Do ponto de vista social, o busy bragging reforça desigualdades e exclusões. Nem todos têm as mesmas condições de resistir à sobrecarga. Mulheres, cuidadores, docentes precários e investigadores sem financiamento são particularmente vulneráveis à pressão de provar constante produtividade. Como observa Ahmed (2024), a cultura do cansaço é também uma cultura de privilégio: quem pode escolher desacelerar é quem já conquistou poder suficiente para não precisar justificar o descanso. Assim, a ostentação da exaustão torna-se uma forma de distinção social, ecoando a análise clássica de Bourdieu (2024) sobre o capital simbólico — o prestígio invisível que diferencia os que “podem tudo” dos que “devem tudo”.

O busy bragging é, portanto, uma patologia cultural que reflete a crise de sentido do trabalho contemporâneo. Quando a produtividade se transforma em identidade e o descanso em culpa, a sociedade perde o seu equilíbrio ético. O filósofo sul-coreano Han (2022) propõe o resgate da “vita contemplativa” — o tempo da reflexão, da pausa e da escuta interior — como antídoto ao produtivismo frenético. Do mesmo modo, Rosa (2023) defende a criação de “espaços de ressonância”, onde o tempo seja vivido em profundidade e não em aceleração. Na academia, isso significaria recuperar o valor do silêncio, da leitura e da investigação desinteressada, libertando o pensamento do cronómetro.

A superação do busy bragging não exige apenas mudanças individuais, mas uma reconfiguração institucional. É necessário redefinir o sucesso académico e profissional em termos de impacto humano, não apenas quantitativo. Universidades e organizações devem repensar indicadores de produtividade, valorizando a qualidade da reflexão e o equilíbrio emocional dos seus membros. A ética do cuidado — tão presente na saúde e na educação — deve ser também aplicada à gestão do tempo e do conhecimento. Uma academia sustentável não é a que produz mais, mas a que pensa melhor.

Em última análise, o busy bragging é o espelho de uma sociedade que confunde movimento com progresso. O verdadeiro mérito não está em estar sempre ocupado, mas em saber quando parar. Como recorda Epicteto, há mais sabedoria no silêncio e na moderação do que na pressa e na exaustão. A paciência intelectual é, afinal, a forma mais elevada de inteligência. Reconhecer o valor do tempo livre, do descanso e da serenidade não é fraqueza — é resistência. Porque pensar, ensinar e investigar exigem algo que o busy bragging não compreende: tempo humano.

Referências Bibliográficas

Ahmed, S. (2024). The Cultural Politics of Fatigue: Feminism, Time and Work. London: Bloomsbury Academic.

Bourdieu, P. (2024). A Distinção: Crítica Social do Julgamento. Lisboa: Edições 70.
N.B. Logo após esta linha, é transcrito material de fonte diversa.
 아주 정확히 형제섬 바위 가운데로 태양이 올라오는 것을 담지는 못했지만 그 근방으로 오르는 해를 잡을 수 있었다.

Byung-Chul Han. (2022). A Sociedade do Cansaço. Lisboa: Relógio D’Água.

Deresiewicz, W. (2024). The End of Solitude: Essays on Culture and Society. New York: Henry Holt.
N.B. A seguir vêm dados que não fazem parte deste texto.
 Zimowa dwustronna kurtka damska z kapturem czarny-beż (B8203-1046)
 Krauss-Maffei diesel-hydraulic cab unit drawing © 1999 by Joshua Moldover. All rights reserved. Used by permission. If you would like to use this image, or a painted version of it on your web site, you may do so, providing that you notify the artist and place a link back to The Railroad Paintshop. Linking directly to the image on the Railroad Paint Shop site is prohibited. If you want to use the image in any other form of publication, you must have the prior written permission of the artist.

Goffman, E. (2022). The Presentation of Self in Everyday Life. London: Penguin Books.

Lasch, C. (2018). A Cultura do Narcisismo. São Paulo: Paz e Terra.
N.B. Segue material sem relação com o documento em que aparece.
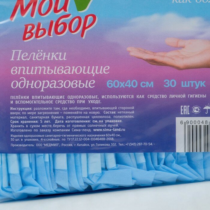 Пелёнки впитывающие одноразовые "Мой выбор", 60 х 90 см, 30 шт.

Organização Mundial da Saúde (OMS). (2025). Relatório Global sobre Saúde Mental e Trabalho. Genebra: OMS.

Rosa, H. (2023). Aceleração e Alienação: Para uma Crítica da Velocidade na Modernidade. Lisboa: Edições 70.

Sezer, O., Gino, F., & Norton, M. I. (2018). Humblebragging: A Distinct—and Ineffective—Self-Presentation Strategy. Journal of Personality and Social Psychology, 114(1), 52–74.

Sennett, R. (2023). A Corrosão do Caráter: As Consequências Pessoais do Trabalho no Novo Capitalismo. Lisboa: Relógio D’Água.